Task requirements: Starting at the line that contains "It's Fine I'm", output each line exactly as written through the end of the listing below, but leave out the pictures.

Provided data:
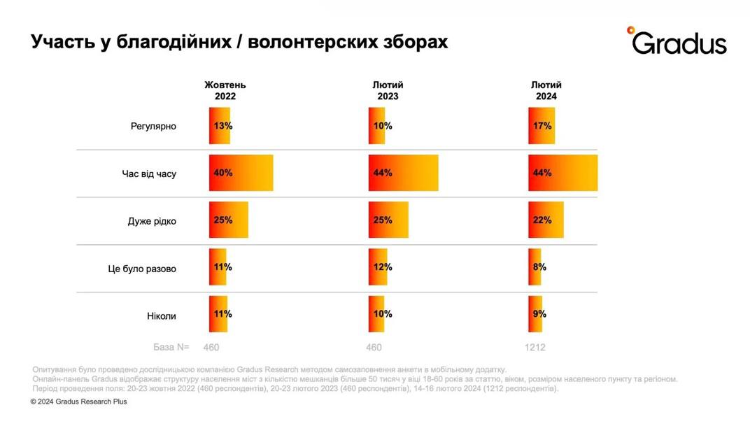 Опитування свідчать, що збільшується регулярності донатів від громадян. А частка тих, хто долучається до благодійних чи волонтерських зборів час від часу, не змінилась з лютого 2023 року і залишається на рівні 44%.
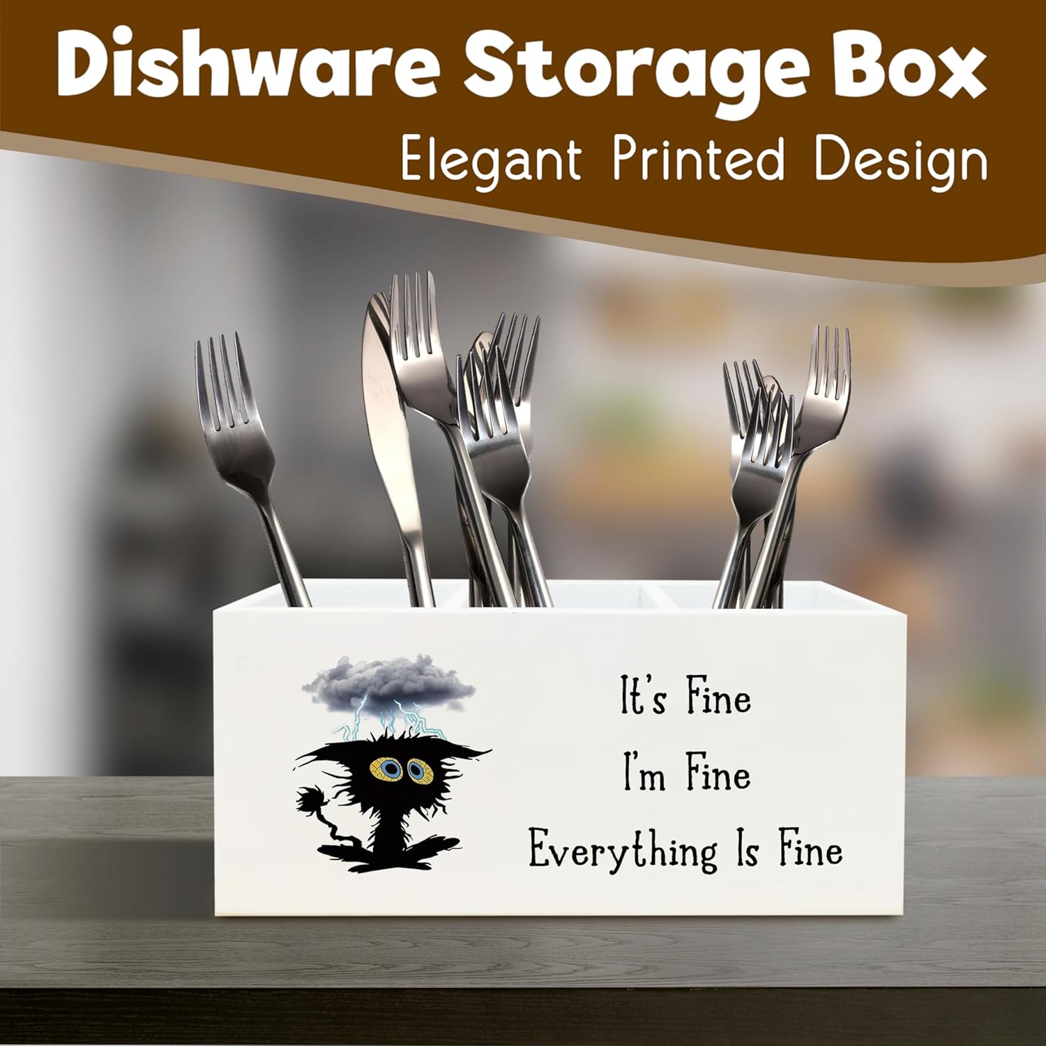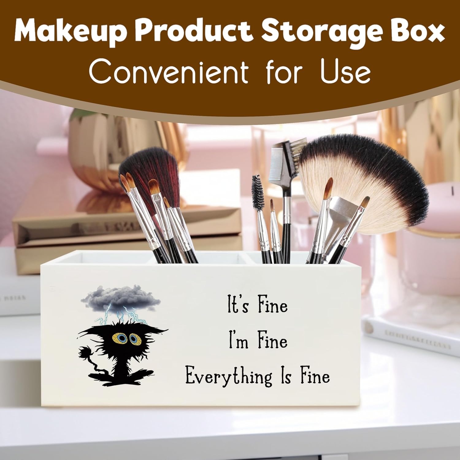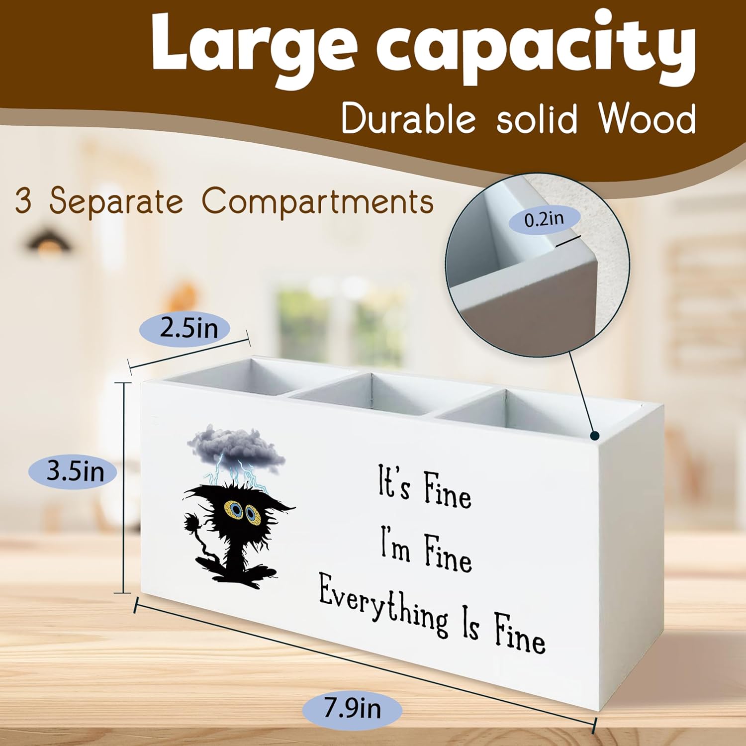 It's Fine I'm Fine Everything is Fine Funny Cat Pen Holder for Desk, Funny Desk Accessories for Work, Sarcastic Office Humor Gifts Wooden Pen Pencil Holder Organizer for Office
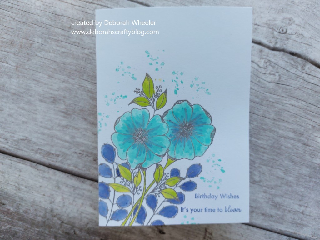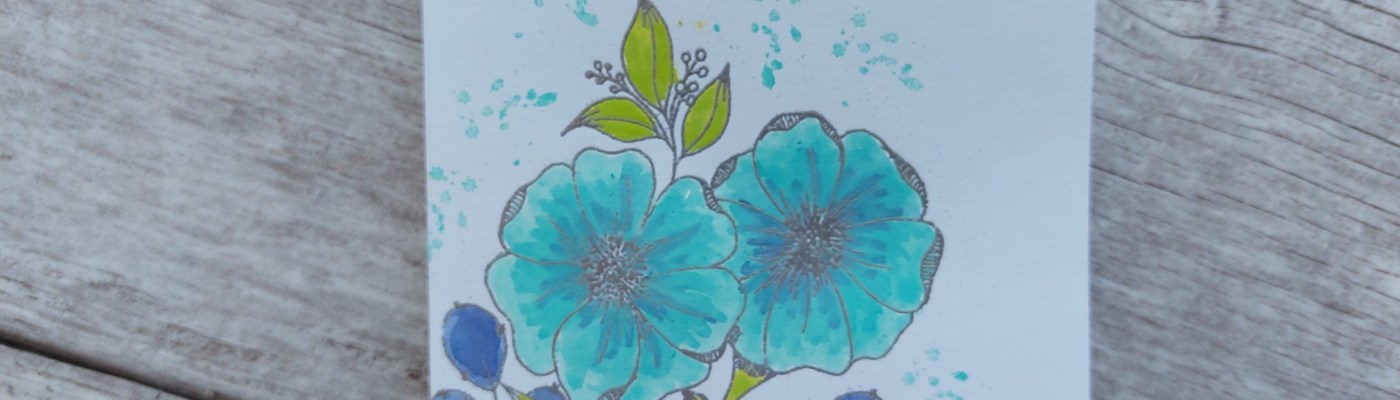 Hello crafty friends. Today’s card uses the ‘garden blooms’ set from Julie Hickey, which felt just right for a the beautiful sunny afternon we’ve had here. I’ve taken inspiration from a couple of current challenges – the colours (aqua, lime green & navy) are from Color Throwdown, paired with the theme of ‘no layers + plant/grow/farm’ from AAA cards
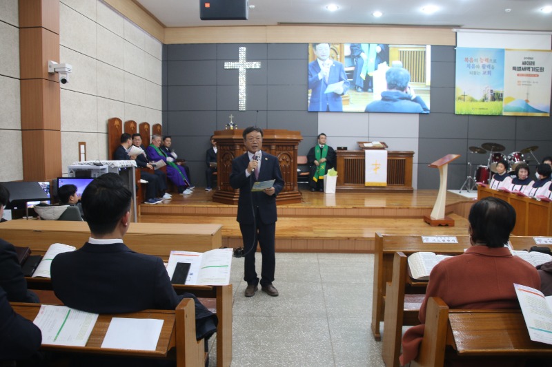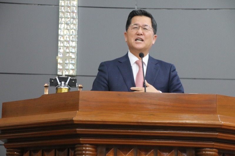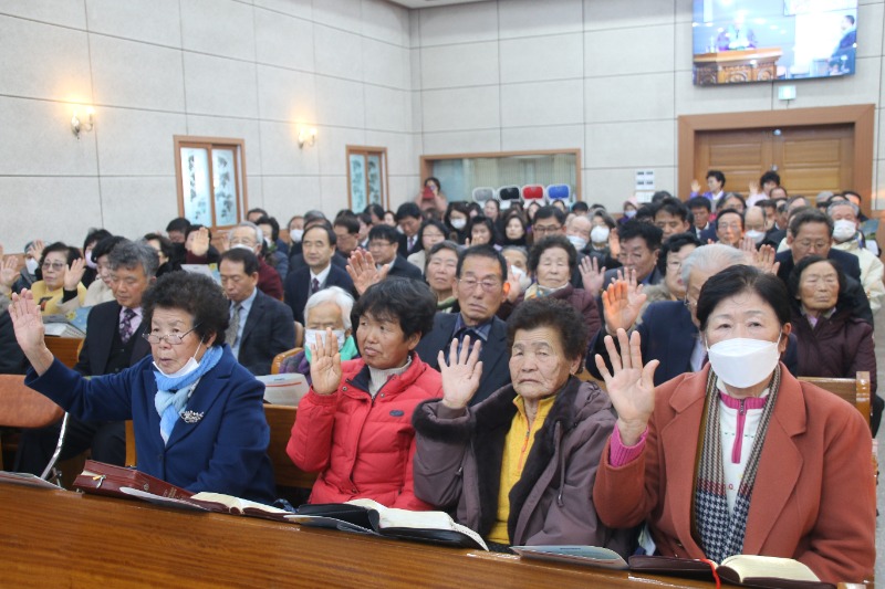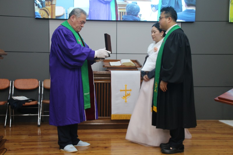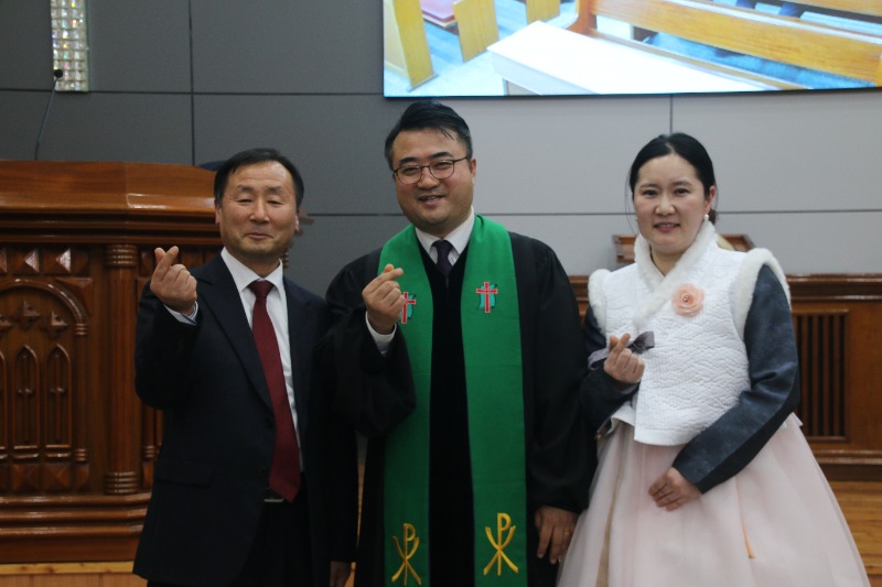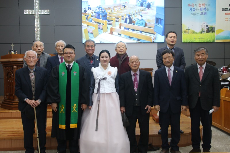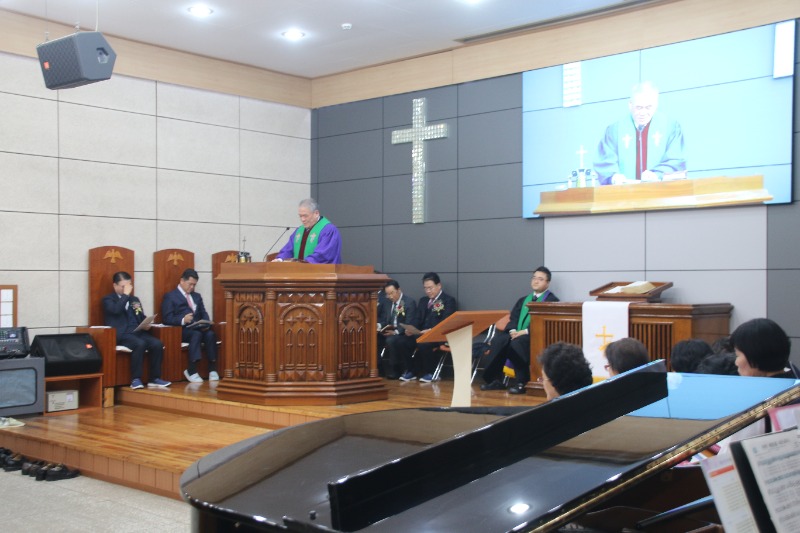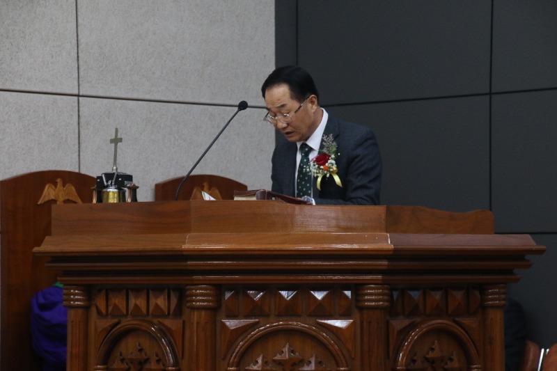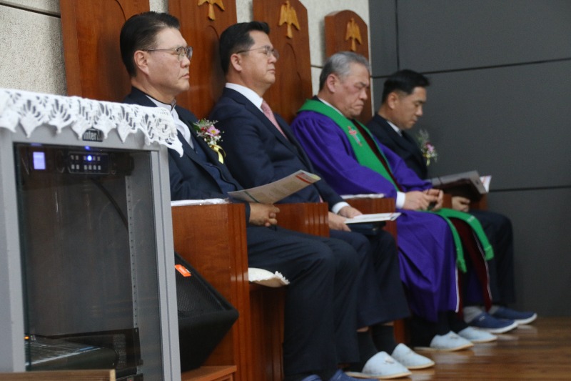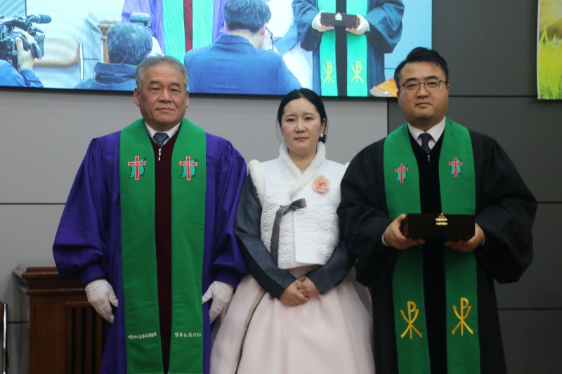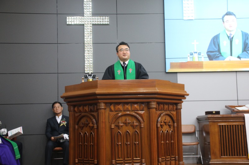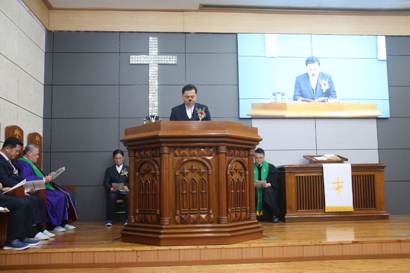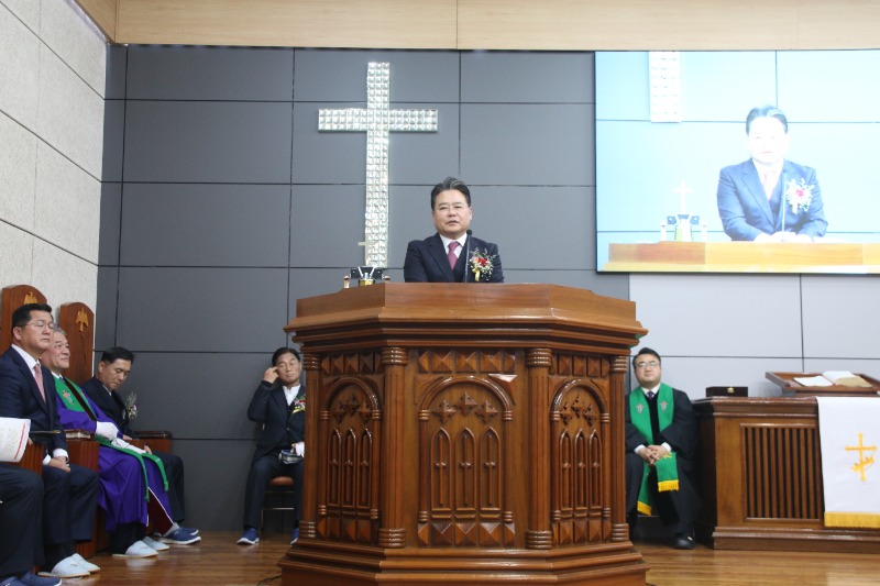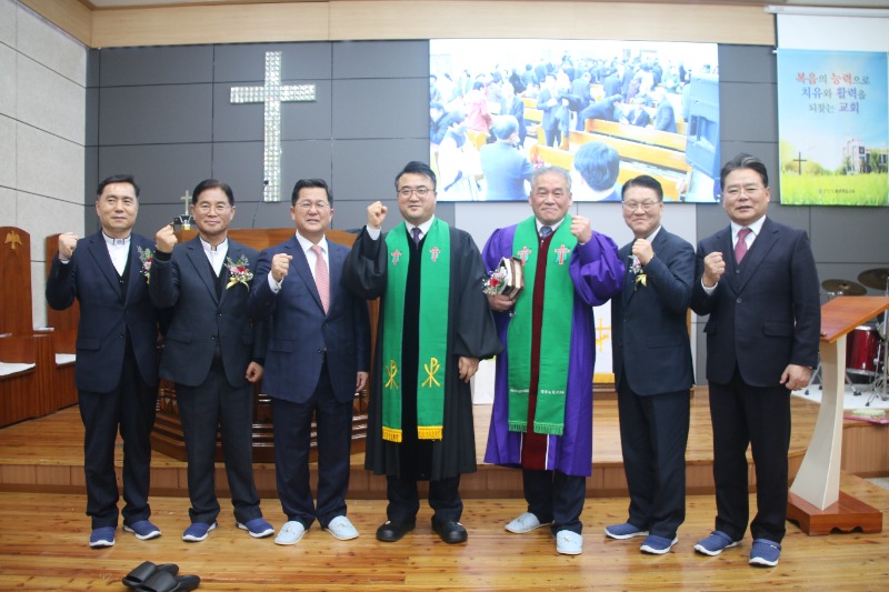 2부와 3부 위임식과 축하의 시간에는 목사소개, 서약, 위임기도, 선포에 이어 배효전 원로목사(창원중앙교회)의 권면과 위임패와 기념패 및 선물 증정,축사와 축가,인사말,축도(김윤기 목사)순으로 진행됐다.

Exercise answer:
 It's Fine I'm Fine Everything is Fine Funny Cat Pen Holder for Desk, Funny Desk Accessories for Work, Sarcastic Office Humor Gifts Wooden Pen Pencil Holder Organizer for Office
 Hello crafty friends. Today’s card uses the ‘garden blooms’ set from Julie Hickey, which felt just right for a the beautiful sunny afternon we’ve had here. I’ve taken inspiration from a couple of current challenges – the colours (aqua, lime green & navy) are from Color Throwdown, paired with the theme of ‘no layers + plant/grow/farm’ from AAA cards
 2부와 3부 위임식과 축하의 시간에는 목사소개, 서약, 위임기도, 선포에 이어 배효전 원로목사(창원중앙교회)의 권면과 위임패와 기념패 및 선물 증정,축사와 축가,인사말,축도(김윤기 목사)순으로 진행됐다.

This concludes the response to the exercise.